Similarly, the antics of the lunatic fringe whether Hindu or Muslim are automatically "in" while sensible moderate voices are ignored. Among political figures, the most sought after by the media are those who have a nuisance value—the likes of Uma Bharati and Digvijaya Singh.



True, sensationalism is the nature of the beast called media. Newspapers and broadcasters worldwide are guilty of it, but it is much more marked in India. In Britain,sensationalism is confined largely to tabloids, and rants like those of Bhagwat's will rarely make to the front pages of The Times, The Guardian or The Daily Telegraph.

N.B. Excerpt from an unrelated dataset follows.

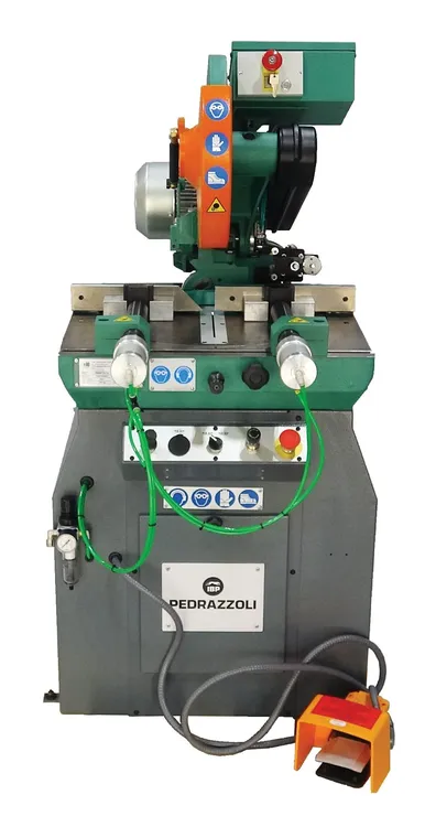 Pedrazzoli’s semiautomatic high-speed aluminum cutting circular saw improves productivity and cut quality while extending blade life. High-speed carbide tipped blade for accurate sawing of nonferrous tube and other light alloys. The saw head’s downward feed and return motions are customizable through pneumatic controls equipped with a brake for speed adjustment. Two pneumatic vises offer both lengthwise and lateral adjustments, ensuring steadfast material support throughout the cut and yielding immaculate, burr-free parts.

There is a big debate going on in the West over the danger of amplifying threatening voices and the media is under growing pressure to stop boosting their messages. In India, though, it is not only business as usual but is thriving.


It is telling that at the time of the infamous DD telecast of Bhagwat's speech critics were exercised not so much over the fact that it had zero news value as that DD was arm-twisted into doing it. The fact is that several private channels also carried the full speech live; and even those, who didn't, showed large chunks from it.


So, OK, DD did it under sarkari pressure but what about them? What were they up to? Were they also cosying up to the power behind the Modi throne?


The bottom-line, as one editor candidly points out, is that it is all about generating controversy and driving up ratings.


"It is a guaranteed button pusher. One side will outrage, the other will defend, and the media is happy. Polarisation works for media as well as it does for the BJP."


So, more media power to the Bhagwat brigade then?